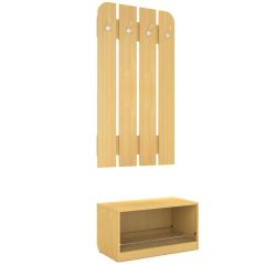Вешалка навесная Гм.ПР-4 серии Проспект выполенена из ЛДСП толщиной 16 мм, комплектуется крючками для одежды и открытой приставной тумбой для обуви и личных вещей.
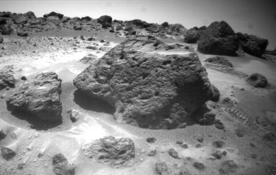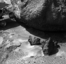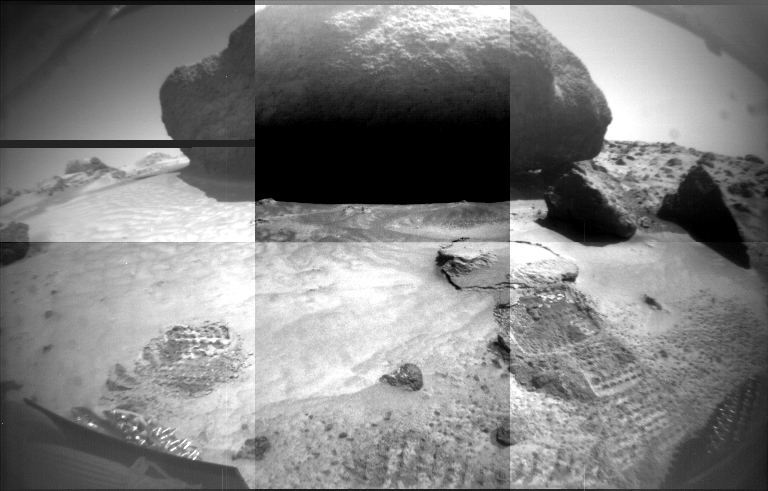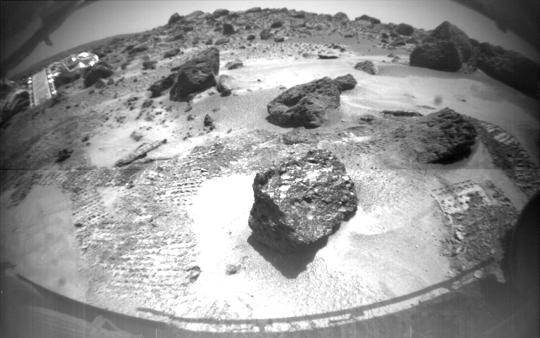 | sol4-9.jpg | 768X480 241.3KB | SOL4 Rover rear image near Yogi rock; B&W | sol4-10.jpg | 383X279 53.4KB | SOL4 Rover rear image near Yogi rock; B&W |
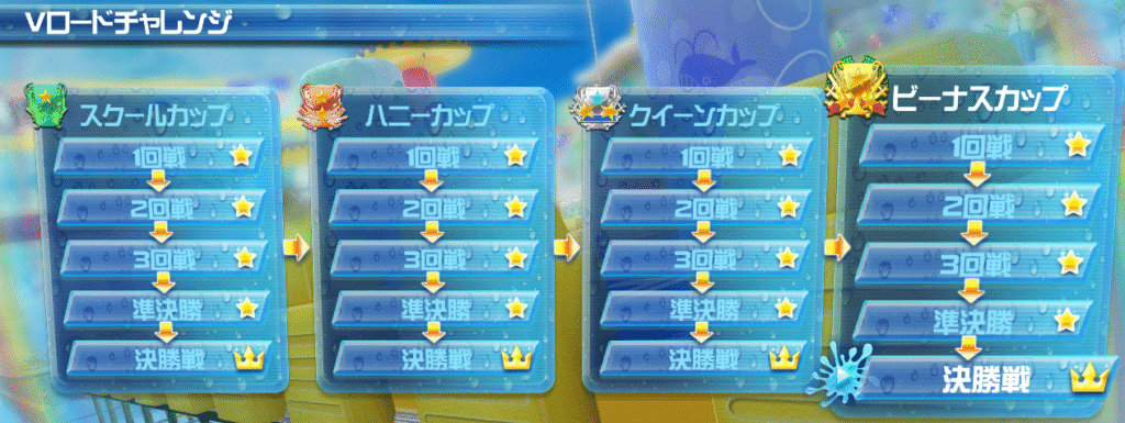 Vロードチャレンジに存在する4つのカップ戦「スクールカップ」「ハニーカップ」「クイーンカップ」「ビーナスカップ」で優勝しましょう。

==================================================

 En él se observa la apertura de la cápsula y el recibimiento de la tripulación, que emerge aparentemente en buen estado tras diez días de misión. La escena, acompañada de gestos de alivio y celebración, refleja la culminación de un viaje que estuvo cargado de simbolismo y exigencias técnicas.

==================================================

PROMPT:
All that is wanted is the lines above between the one containing "Вешалка навесная Гм.ПР-4" and the one containing "Vロードチャレンジに存在する", inclusive, restated word for word, with pictures omitted.

OUTPUT OF THE TASK:
Вешалка навесная Гм.ПР-4 серии Проспект выполенена из ЛДСП толщиной 16 мм, комплектуется крючками для одежды и открытой приставной тумбой для обуви и личных вещей.
 | sol4-9.jpg | 768X480 241.3KB | SOL4 Rover rear image near Yogi rock; B&W | sol4-10.jpg | 383X279 53.4KB | SOL4 Rover rear image near Yogi rock; B&W |
 Vロードチャレンジに存在する4つのカップ戦「スクールカップ」「ハニーカップ」「クイーンカップ」「ビーナスカップ」で優勝しましょう。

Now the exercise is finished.